The joyous natures have their sorrows:—

“The heart that is earliest awake to the flowers
Is always the first to be touched by the thorns.”

“The merry heart.”

They have their hardships, their weary times, their trials of every sort, but the inexhaustible vivacity inherent in them acts as wings to bear them lightly over the bad places, where wayfarers of the ordinary sort must be broadly shod to pass without being engulfed. It is practically inextinguishable, and it makes existence comparatively easy.

“The merry heart goes all the day,
The sad tires in a mile-a.”

The enemy.

The chief enemy of lightheartedness is the constant companionship of the grim, the glum, the gloomy, and the grumpy, the solemn and the pragmatical.
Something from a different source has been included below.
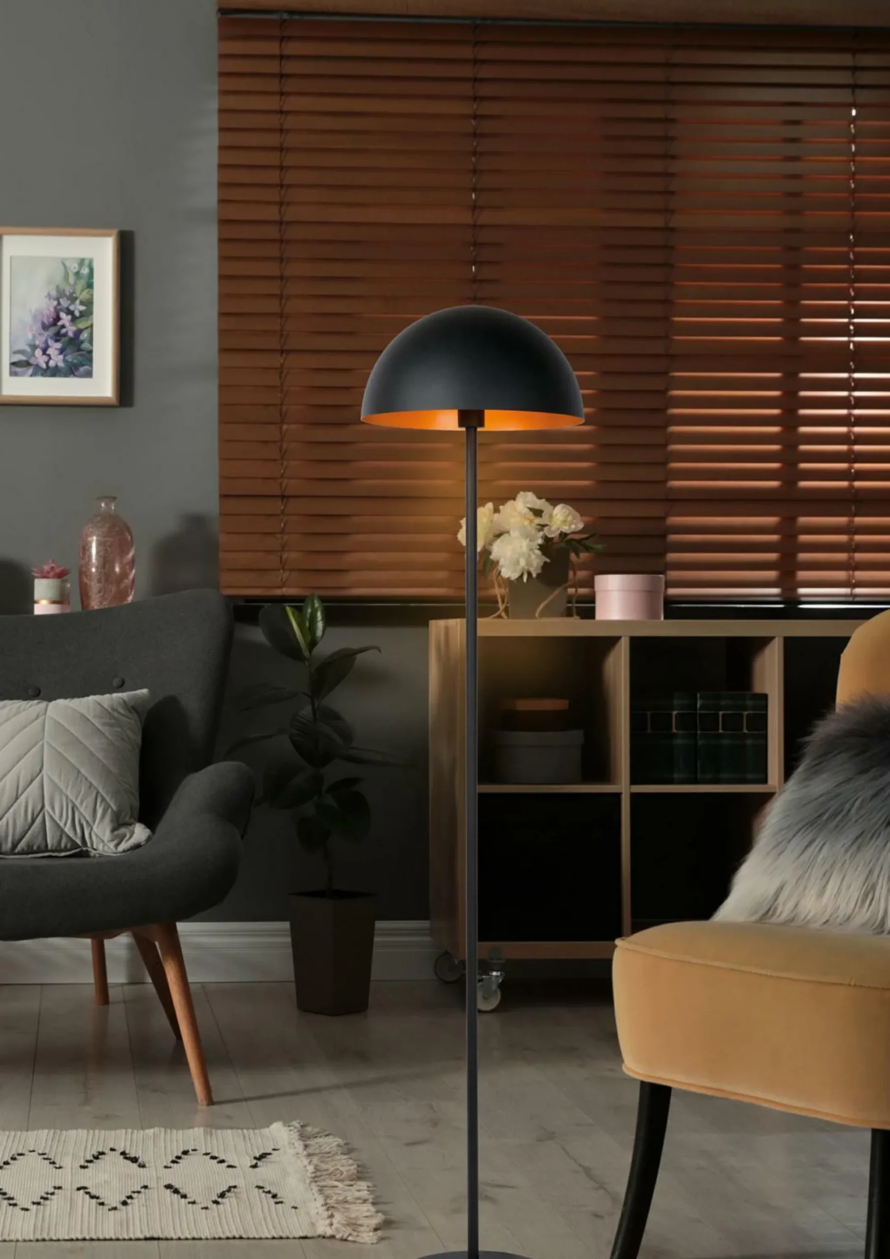 · Zwei Top-Elemente für eine gelungene Stehleuchte in Ihrem Wohnzimmer? Das sind die Retro-Vibes und das moderne Aussehen von Siemon. Diese Stehleuchte ist aus hochwertigem Stahl gefertigt und hat eine Höhe von 160 Zentimetern. Durch sein Design wirkt Siemon niedlich und modern zugleich. In der Mitte des halbrunden Lampenschirms befindet sich die Lichtquelle. Das Licht spiegelt sich mühelos an den Wänden des Schirms. Das macht die Stehlampe zu einer angenehmen Erscheinung in Ihrem Interieur. Schalten Sie Siemon mit dem Schalter im Kabel ein und aus.

Who shall compute what bright natures suffer in an environment like this? Day after day, to sit at table opposite a countenance made rigid with a practised frown, now deeply carved upon the furrowed brow; to long for sunshine and blue skies, and be for ever in the shadow of a heavy cloud; to feel that every little blossom of joyfulness that grows by the wayside is nipped and shrivelled by the east wind of a gloomy nature; this, if it last long enough, can subdue even lightheartedness itself; can, like some malarial mist, blot out the very sun in the heavens from the ken of those within its influence.

The cultivation of humour.

More pains should be taken to develop the sense of fun and the possibilities of humorous perception of girls and boys. They should be taught to look at the amusing side of things. But teachers are so afraid of “letting themselves down,” of losing dignity (especially those who have none to lose!), that they cannot condescend to the study of the humorous. Oh, the pity of it! For it tends to the life-long impoverishment of their pupils.